Back to Photoprism

README

internal/ai/vision/ollama/README.md

latest14.7 KB
Original Source

PhotoPrism — Ollama Engine Integration

Last Updated: February 23, 2026

Overview

This package provides PhotoPrism’s native adapter for Ollama-compatible multimodal models. It lets Caption, Labels, and future Generate workflows call locally hosted models without changing worker logic, reusing the shared API client (internal/ai/vision/api_client.go) and result types (LabelResult, CaptionResult). Requests stay inside your infrastructure, rely on base64 thumbnails, and honor the same ACL, timeout, and logging hooks as the default TensorFlow engines. The adapter resolves ${OLLAMA_BASE_URL}/api/generate, trimming trailing slashes and defaulting to http://ollama:11434; set OLLAMA_BASE_URL=https://ollama.com to opt into cloud defaults.

Constraints

  • Engine defaults live in internal/ai/vision/ollama and are applied whenever a model sets Engine: ollama. Aliases map to ApiFormatOllama, scheme.Base64, and a default 720 px thumbnail. Cloud defaults are only selected when OLLAMA_BASE_URL equals https://ollama.com.
  • Responses may arrive as newline-delimited JSON chunks. decodeOllamaResponse keeps the most recent chunk, while the parser now supports both response and thinking fallbacks for captions and labels.
  • Structured JSON is optional for captions but enforced for labels when Format: json (default for label models targeting the Ollama engine).
  • The adapter never overwrites TensorFlow defaults. If an Ollama call fails, downstream code still has Nasnet, NSFW, and Face models available.
  • Workers assume a single-image payload per request. Run photoprism vision run to validate multi-image prompts before changing that invariant.

Goals

  • Let operators opt into local, private LLMs for captions and labels via vision.yml.
  • Provide safe defaults (prompts, schema, sampling) so most deployments only need to specify Name, Engine, and Service.Uri.
  • Surface reproducible logs, metrics, and CLI commands that make it easy to compare Ollama output against TensorFlow/OpenAI engines.

Non-Goals

  • Managing Ollama itself (model downloads, GPU scheduling, or authentication). Use the Compose profiles provided in the repository.
  • Adding new HTTP endpoints or bypassing the existing photoprism vision CLI.
  • Replacing TensorFlow workers—Ollama engines are additive and opt-in.

Architecture & Request Flow

  1. Model SelectionConfig.Model(ModelType) returns the top-most enabled entry. When Engine: ollama, ApplyEngineDefaults() fills in the request/response format, base64 file scheme, and a 720 px resolution unless overridden.
  2. Request BuildollamaBuilder.Build wraps thumbnails with NewApiRequestOllama, which encodes them as base64 strings. Model.GetModel() resolves the exact Ollama tag (gemma3:4b, qwen2.5vl:7b, etc.).
  3. TransportPerformApiRequest uses a single HTTP POST (default timeout 10 min). Authentication is optional; provide Service.Key if you proxy through an API gateway.
  4. ParsingollamaParser.Parse converts payloads into ApiResponse. It normalizes confidences (LabelConfidenceDefault = 0.5 when missing), copies NSFW scores, and canonicalizes label names via normalizeLabelResult.
  5. Persistenceentity.SrcOllama is stamped on labels/captions so UI badges and audits reflect the new source.

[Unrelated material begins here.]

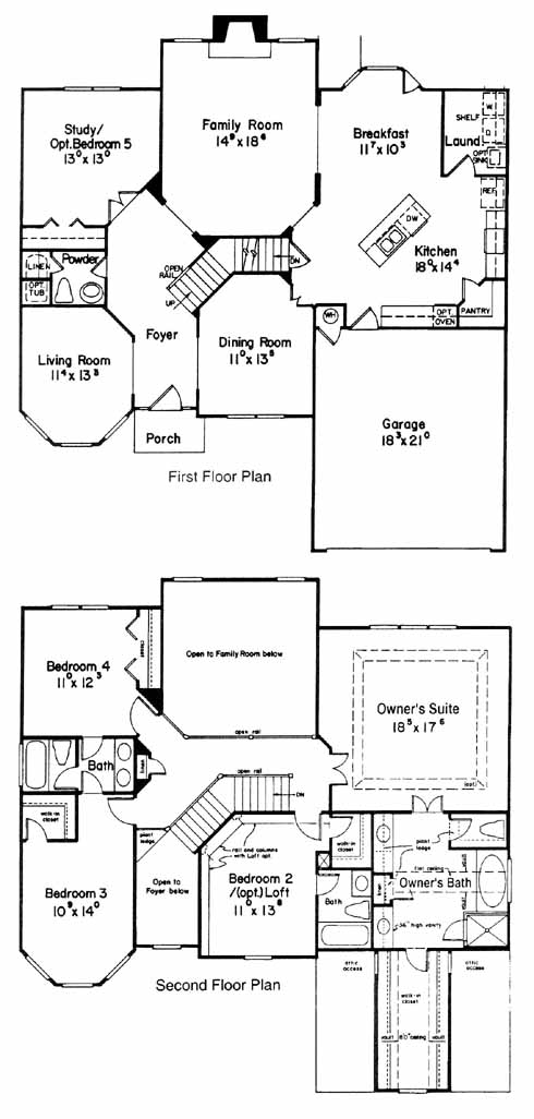 This home includes formal living and dining rooms on either side of the foyer entrance. The family room in the back includes a fireplace, making it a popular gathering spot during chilly nights. The breakfast area has a bay window and access to the patio. A walk-in pantry and island workspace with double sink highlights the kitchen. A bedroom rounds out the first floor. Upstairs you will find an owner's suite that includes an oversized walk-in closet and owner's bath with dual vanities, tub and separate shower. Two bedrooms share a Jack-n-Jill bath while another bedroom has a private bath. Views of the family room and foyer can be seen below.
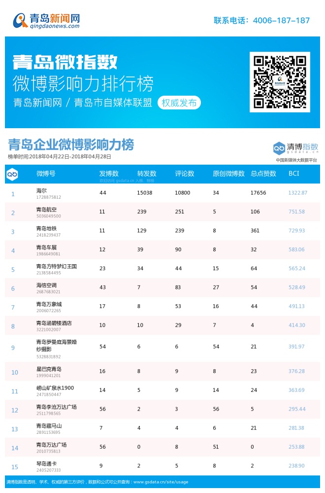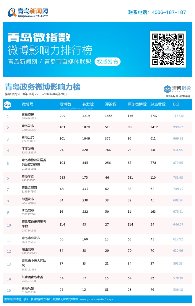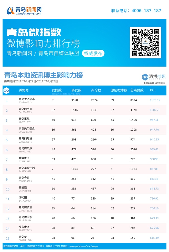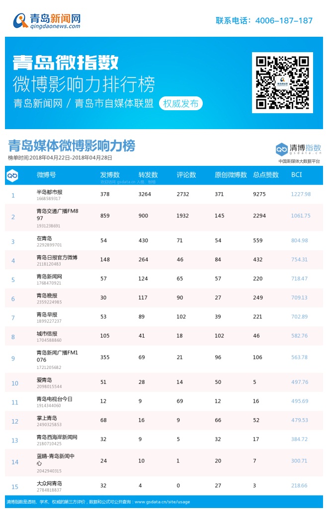 青島新聞網5月2日訊 (記者邢書玲)由青島新聞網、清博指數平臺聯手打造的“青島微指數微博影響力排行榜”今日發布一周(4.22—4.28)榜單。

Prompt, Schema, & Options Guidance

  • System Prompts
    • Labels: LabelSystem enforces single-word nouns. Set System to override; assign LabelSystemSimple when you need descriptive phrases.
    • Captions: no system prompt by default; rely on user prompt or set one explicitly for stylistic needs.
  • User Prompts
    • Captions use CaptionPrompt, which requests one sentence in active voice.
    • Labels default to LabelPromptDefault; when DetectNSFWLabels is true, the adapter swaps in LabelPromptNSFW.
    • For stricter noun enforcement, set Prompt to LabelPromptStrict.
  • Schemas
    • Labels rely on schema.LabelsJson(nsfw) (simple JSON template). Setting Format: json auto-attaches a reminder (model.SchemaInstructions()).
    • Override via Schema (inline YAML) or SchemaFile. PHOTOPRISM_VISION_LABEL_SCHEMA_FILE always wins if present.
  • Options
    • Labels: default Temperature equals DefaultTemperature (0.1 unless configured), TopP=0.9, Stop=["\n\n"].
    • Captions: only Temperature is set; other parameters inherit global defaults.
    • Custom Options merge with engine defaults. Leave ForceJson=true for labels so PhotoPrism can reject malformed payloads early.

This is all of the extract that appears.